Starting at the line that contains "Per i tuoi look" and ending at the final line of the entries below, write out each line exactly as it appears, but omit the pictures.
== Exercise materials
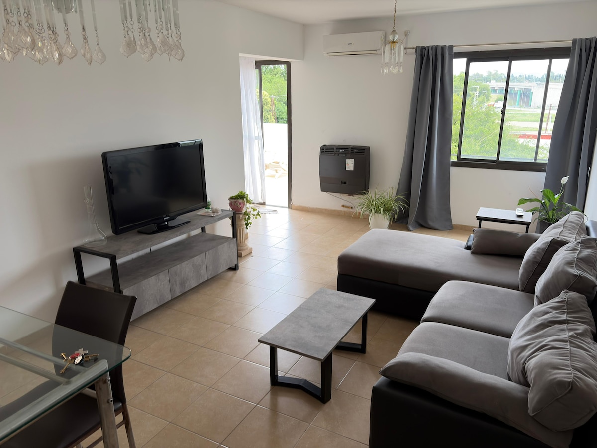 Aftengdu þig frá áhyggjum þínum í þessu rúmgóða og kyrrláta rými. Mælar frá Orfeo, Complejo Super Mami, Paseoeta Lugones. Íbúð í háum, silfurgráum húsi með sérinngangi með tröppum. Staðsetningin gerir þér kleift að komast fljótt og auðveldlega að afþreyingarmiðstöð, verslunum, flugvelli og fjallasvæðum. Nokkrar mínútur frá Kempes-leikvanginum.
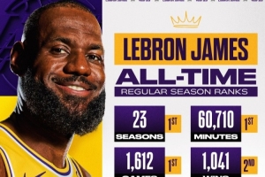 长河~詹姆斯常规赛出战赛季&时间&场次&得分&命中数 皆为历史第一
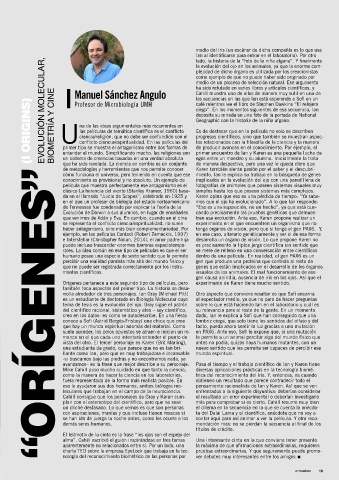 (I OrIgIns) Evolución molEcular, biomEtría y cinE Uconflicto ciencia/espiritualidad. En las películas del deposita su mirada en una foto de la portada de National
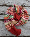 The finished scarf is 6.5" (17 cm) wide and 62.5" (156 cm) long
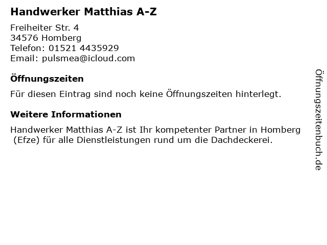 | Öffnungszeiten Handwerker Matthias A-Z in Homberg anzeigen | |
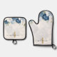 Dusty Blue Floral Monogram Script Personalised Oven Mitt & Pot Holder Set
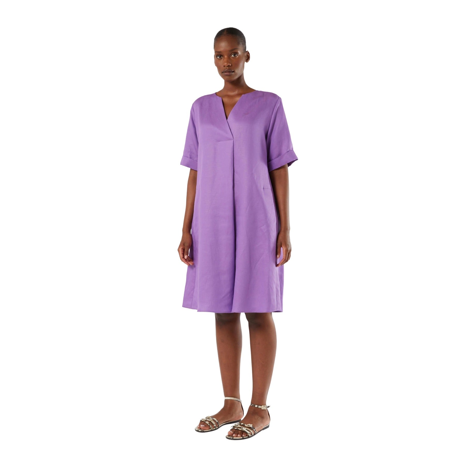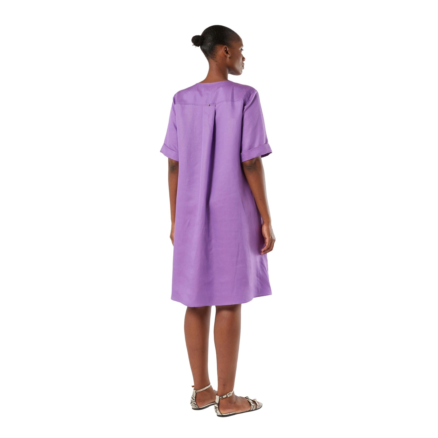 Per i tuoi look quotidiani scegli l'abito midi in twill di lino e tencel, dalla linea svasata. Scollatura a v sovrapposta, piega davanti, maniche corte con risvolto e tasche inserite ai fianchi. Con scarpe flat o tacchi alti a seconda del mood. Il capo fa parte della collezione Marina Sport.
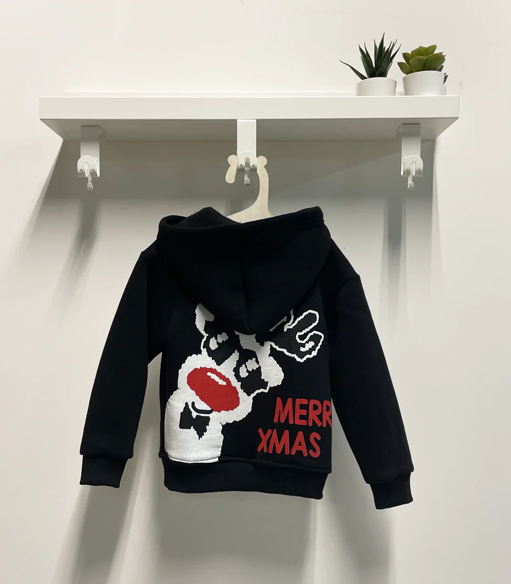 ( stagione autunno inverno ) Felpa con cappuccio. Interno felpato, tasca a marsupio frontale. Retro con stampa renna Merry XMAS. Composizione: 90% cotone 10% poliestere Tabella taglie 12 mesi 74cm 18 mesi 80cm 24 mesi 92cm 30 mesi 96cm 36 mesi 100cm
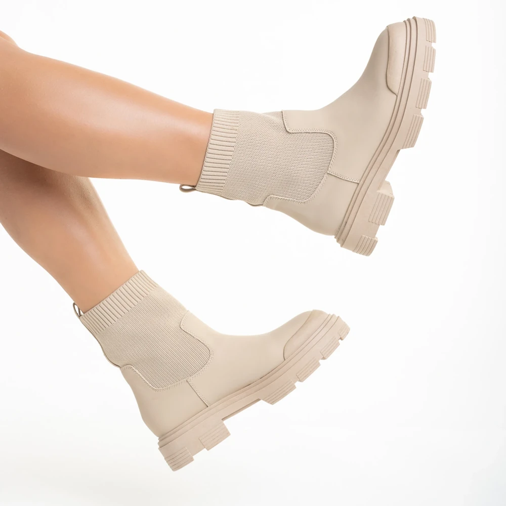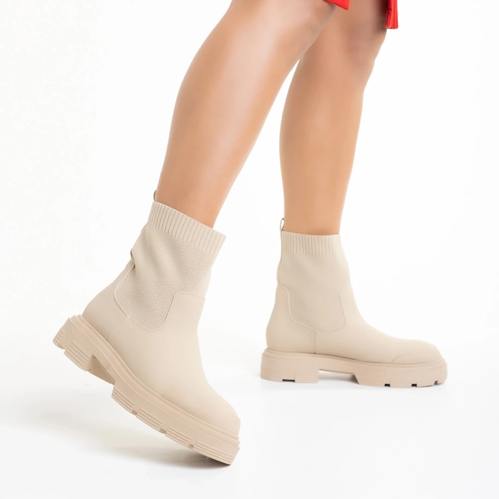 Chiara ökológiai bőrből és textil anyagból készült bézs színű női bokacsizma
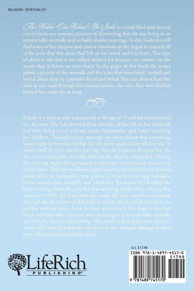 The Hidden Cries Behind Her Smile is a book filled with journal entries from one woman's journey of discovering that she was living in an emotionally, mentally and verbally abusive marriage. In this book you will find some of her deepest and rawest emotions as she began to unpack all of the pain that this abuse had left on her mind and her heart. This type of abuse is one that is not talked about a lot because you cannot see the marks that it leaves on one's body. In the pages of this book the writer paints a picture of the wounds and the scars that emotional, mental and verbal abuse does to a…mehr
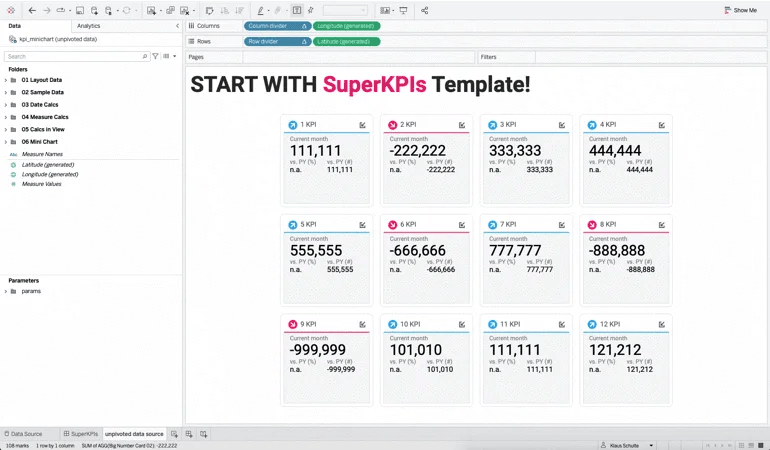 您完全拥有您的超级 KPI:获取每个组件,并根据您的喜好自定义它们。一切都已创建,可以在 Tableau 中轻松调整!在 Tableau 的超级 KPI 框架内创建您独特的设计!
====
Answer below:
 Per i tuoi look quotidiani scegli l'abito midi in twill di lino e tencel, dalla linea svasata. Scollatura a v sovrapposta, piega davanti, maniche corte con risvolto e tasche inserite ai fianchi. Con scarpe flat o tacchi alti a seconda del mood. Il capo fa parte della collezione Marina Sport.
 ( stagione autunno inverno ) Felpa con cappuccio. Interno felpato, tasca a marsupio frontale. Retro con stampa renna Merry XMAS. Composizione: 90% cotone 10% poliestere Tabella taglie 12 mesi 74cm 18 mesi 80cm 24 mesi 92cm 30 mesi 96cm 36 mesi 100cm
 Chiara ökológiai bőrből és textil anyagból készült bézs színű női bokacsizma
 The Hidden Cries Behind Her Smile is a book filled with journal entries from one woman's journey of discovering that she was living in an emotionally, mentally and verbally abusive marriage. In this book you will find some of her deepest and rawest emotions as she began to unpack all of the pain that this abuse had left on her mind and her heart. This type of abuse is one that is not talked about a lot because you cannot see the marks that it leaves on one's body. In the pages of this book the writer paints a picture of the wounds and the scars that emotional, mental and verbal abuse does to a…mehr
 您完全拥有您的超级 KPI:获取每个组件,并根据您的喜好自定义它们。一切都已创建,可以在 Tableau 中轻松调整!在 Tableau 的超级 KPI 框架内创建您独特的设计!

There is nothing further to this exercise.